6 Simple steps to a healthier you

Want to make some simple changes that will have a positive effect on your health and wellbeing? We've put together six easy-to-implement tips to get you on the road to healthier living.

1 Pack a lunch

It's worth waking up 10 minutes earlier each morning to pack a lunch for work. From soups, salads and sandwiches to last night's leftovers, it's sure to be healthier (and cheaper) than buying it from the office snack bar.

2 Drink more water

Even mild dehydration can leave you feeling tired and headachy, so get into the habit of drinking more water during the day. Keep a jug or bottle of water on your desk - and add lemon slices or some sprigs of mint if you feel like some added freshness and flavour.

3 Take a walk

Most of us spend hours sitting every day, from driving to work and sitting at our desks to watching our favourite TV shows at night. But our bodies are not designed to be sedentary, and plenty of studies have shown that sitting all day is bad for our health. So, make a conscious effort to get moving. Get up regularly from your desk, take the stairs rather than the lift, walk the dog after work, join a walking club - whatever works for you, as long as you keep moving throughout the day. And if you can get outdoors, even better; fresh air and sunshine are a great pick-me-up.

4 Choose healthy snacks

Instead of hitting the office vending machine when you get the 3 pm munchies, be sure to pack some healthy snacks to nibble on. Carrot sticks and hummus, apple slices and peanut butter, mixed nuts or biltong sticks are vastly healthier options than a packet of chips, a can of soda or a chocolate.
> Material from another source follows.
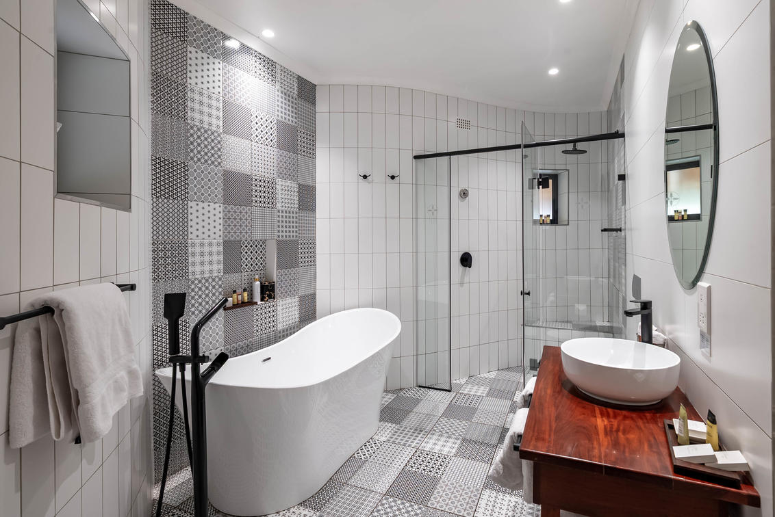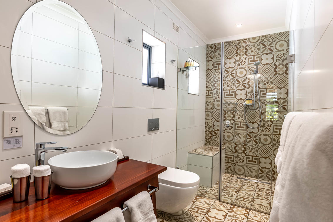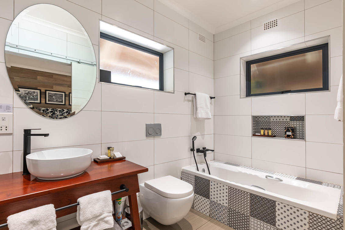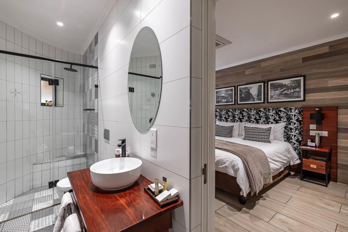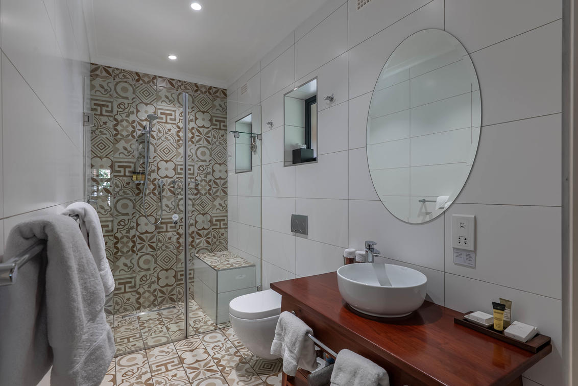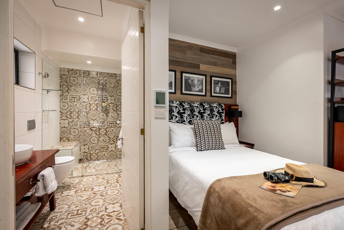 A beautifully appointed, cozy yet compact room leads out onto a spacious private patio courtyard, with extra shade provided by a modern louvred roof cover. Sip an early morning coffee in the privacy of your own space or enjoy an evening nightcap, before retiring for the night to the comfort of your luxury king bed with extra-long mattress and crisp, white linen. An added surprise is a small bath, cleverly tucked into the bathroom opposite the glass shower, perfect for soaking your weary feet after a day full of adventures!

5 Keep a gratitude journal

If you're feeling a little bogged down by negativity, why not start a gratitude journal? Try to jot down one or two things that you're thankful for each day - it can help you to develop a more positive outlook and help to relieve stress. Some studies have even shown that having an attitude of gratitude is good for your overall health and wellbeing.

6 Get more shut-eye

It's no surprise that not getting enough sleep can leave you feeling irritable and affect your ability to concentrate - and chronic sleep deprivation may even put you at risk of more serious health problems down the line. So, commit to getting around 7-9 hours per night, depending on your needs. To help you do that, have your last cup of tea or coffee around five hours before you go to bed and put your cellphone or tablet away - the blue light from screens can keep you awake.